Sitting across the valley from the Pelverata Falls Track in the Snug Tiers, the falls is viewable from from the Pelverata Falls Trail, though it is some distance away.
Location: near Pelverata, Tas.

Victoria Valley Falls

These falls are known to few people who have not walked the Tasmanian Trail. The watercourse that flows over them is Kenmere Creek.
Location: off Bashan Road, Victoria Valley, near Ouse, Tas.

Lady Barron Falls

A lesser known falls in the vicinity of Russell Falls. The easiest access is by driving past the Russell Falls Visitor Centre and going up the unsealed Lake Dobson Road towards the car park for the Tall Trees Walk.
Location: Mt.
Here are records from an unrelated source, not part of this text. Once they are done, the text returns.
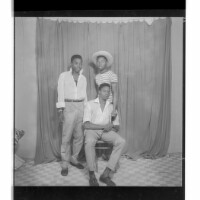 Three men: one wearing a boubou and hat sitting in profile in front and two men behind, one wearing a shirt and pants standing face-forward and the other wearing a suit standing face-forward, in the studio.
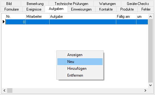 Das Unterregister Aufgaben listet alle Aufgaben je Gerät. Eine neue Aufgabe zu dem ausgewählten Gerät wird über das rechte Maustastenmenü, Auswahlpunkt Neu in der Aufgabenverwaltung angelegt. Bereits gespeicherte Aufgaben zu dem Gerät können ebenfalls über das rechte Maustastenmenü angezeigt werden. Darüber hinaus kann eine bereits gespeicherte Aufgabe aus der Aufgabenverwaltung hinzugefügt werden.
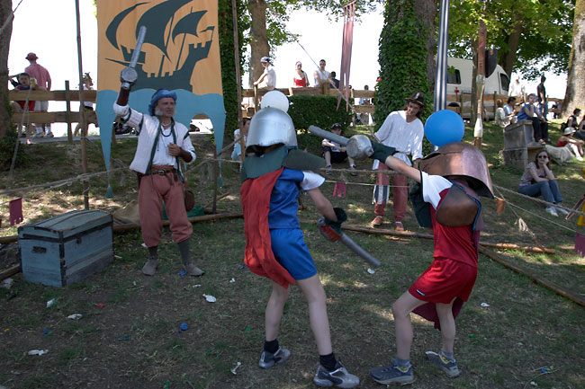 Numerous games of all kinds were organized at the Provins medieval fair. In this particular one, children had a small balloon tied on a helmet on their heads and were to smash the oponent's balloon with a kind of mace. They were fighting fiercely as the balloons were hard to destroy.
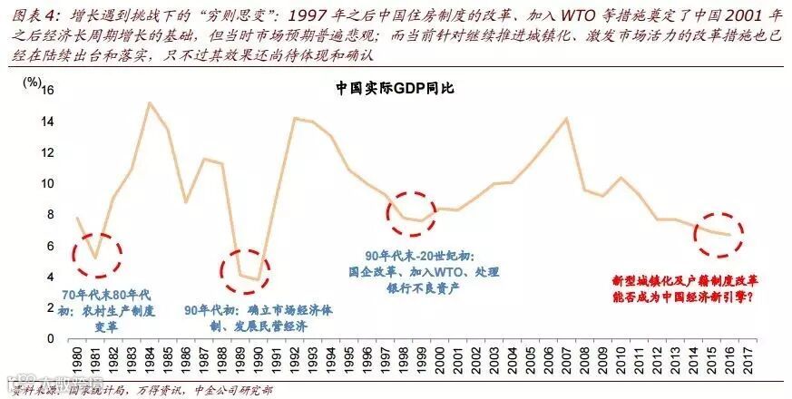 (5)释放中长期增长潜力的改革措施逐步出台,但市场一致评价偏悲观。回顾来看,1997年之后中国住房制度的改革、加入WTO等措施奠定了中国2001年之后经济长周期增长的基础。而当前针对继续推进城镇化、激发市场活力的改革措施也已经在陆续出台和落实,只不过其效果还尚待体现和确认。
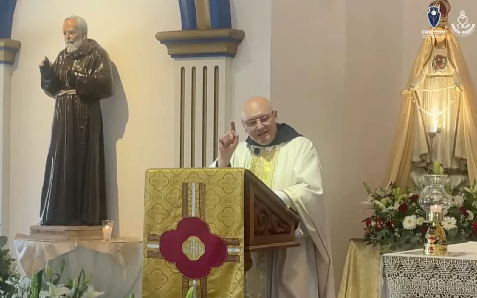El P. Carlos Spahn preside la celebración de la Santa Misa el 27 de abril de 2025, en la sede de la FRICyDIM. / Crédito: Captura de video/Canal oficial de YouTube de la Fricydim.
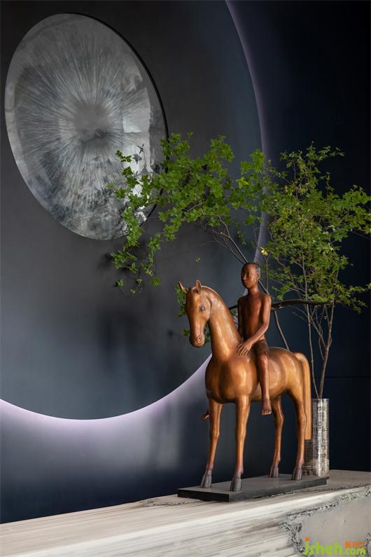 圓象征著完美,中心以瞳孔代表自省,圓的哲學(xué)定義就是開端即末尾,無論從何處開始一定要終點(diǎn)走向起點(diǎn),就像我們都不完美,所以完美是一種信仰,因?yàn)樾叛?,一直在趨向完美的路上自省;這是杜恒創(chuàng)作《瞳孔》的初心。配合藝術(shù)家張勇的雕塑《任逍遙》,營造出“獨(dú)坐幽篁里,彈琴復(fù)長嘯。深林人不知,明月來相照”的詩意氛圍。
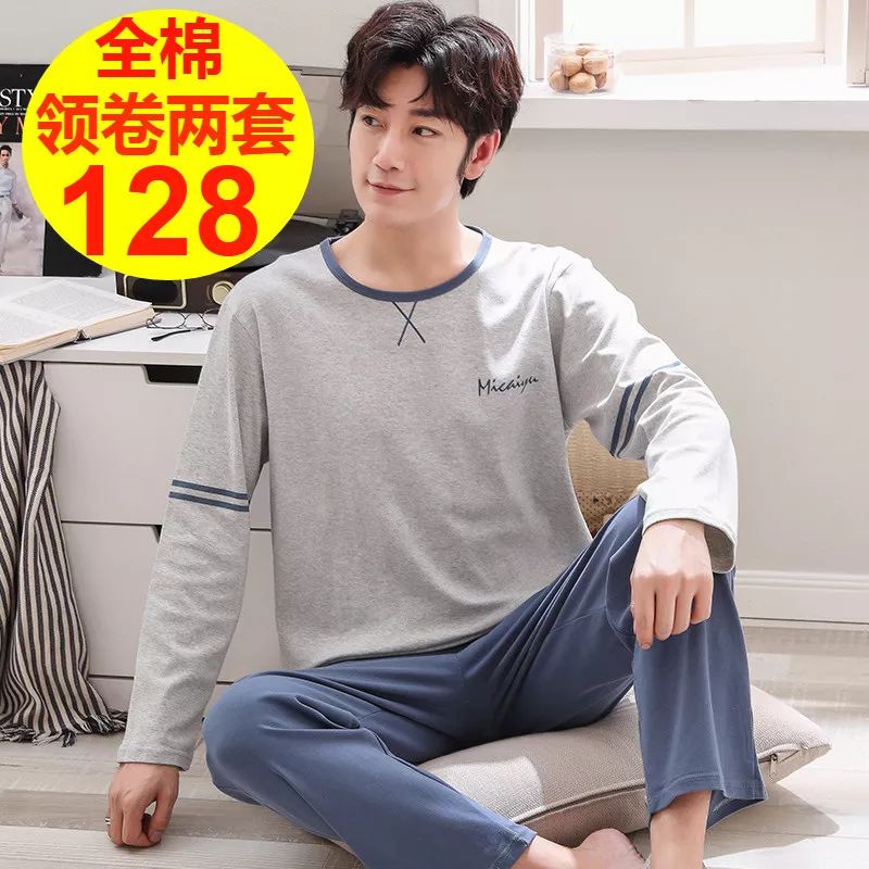 【商品名称】休闲运动纯棉男士睡衣男秋冬全棉长袖春秋学生青年薄款家居服套装
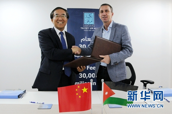 中国驻约旦大使潘伟芳(左)和“阿里之母”慈善组织执行主任萨米尔·巴卡尔签字后握手。新华网记者林晓蔚 摄
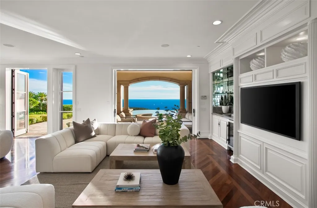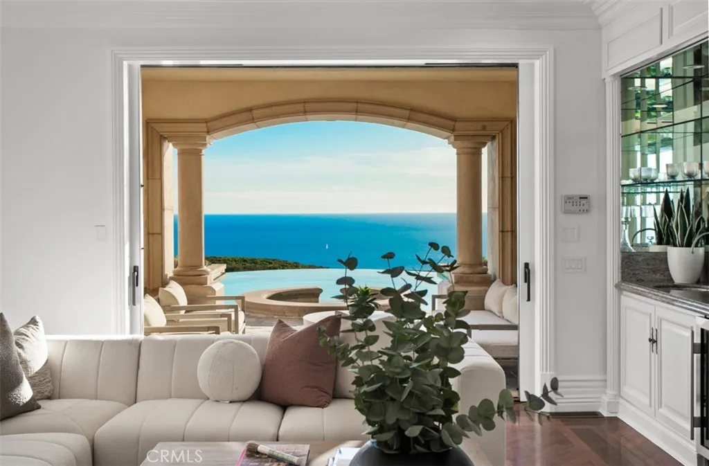 Located within the prestigious guard-gated community of Pelican Crest, this exceptional estate commands uninterrupted views stretching from Catalina Island across the Newport coastline and surrounding greens. Positioned on an expansive 19,000 square-foot corner lot, the property offers a rare sense of elevation and privacy, with manicured, resort-inspired grounds and an infinity-edge pool that visually merges with the Pacific horizon. Spanning approximately 8,900 square feet, the residence features six bedrooms, eight bathrooms, and a six-car subterranean garageideal for collectors or those seeking secure, ample storage. A dramatic domed foyer introduces thoughtfully proportioned interiors, including a richly appointed library, formal living and dining rooms with custom millwork, and a main-level guest suite with its own bath. Designed for both comfortable daily living and elevated entertaining, the family room opens seamlessly to outdoor terraces, welcoming ocean breezes and panoramic views. The kitchen is finished with premium appliances, substantial stone surfaces, an oversized island, and a casual dining areaall oriented toward the coastline. Upstairs, four bedroom suites provide privacy and comfort, three of which capture sweeping ocean views. The primary suite offers a refined retreat with a private balcony, fireplace sitting area, expansive custom closet, and a marble-clad bath with soaking tub and dual vanities. A secondary staircase leads to the lower level, where a climate-controlled wine room and additional guest quarters offer flexibility for extended stays. Res
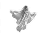 Ethereal ghost shrouded in white cloth floating on a stark white background
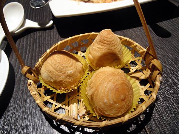 悅品的油炸類點心,一律放在竹籃裡上桌,賣相古椎!

Field National Park, Tas, off Gordon River Road.

Waterfall Bay Falls

The cliff height on the south east corner of Tasmania averages 250 metres for all but Pirates and Fortescue Bays from Tasman Island at the south tip of the Tasman Peninsula to almost Dunalley at the top of the Forestier Peninsula. These falls begin at the top of these cliffs and cascades down the rock face into the ocean. The falls are visible from the clifftop waking trail, but the best way to see them is on a coastal cruise out of Pirates Bay.
Location: Tasman Peninsula near Eaglehawk Neck, Tas.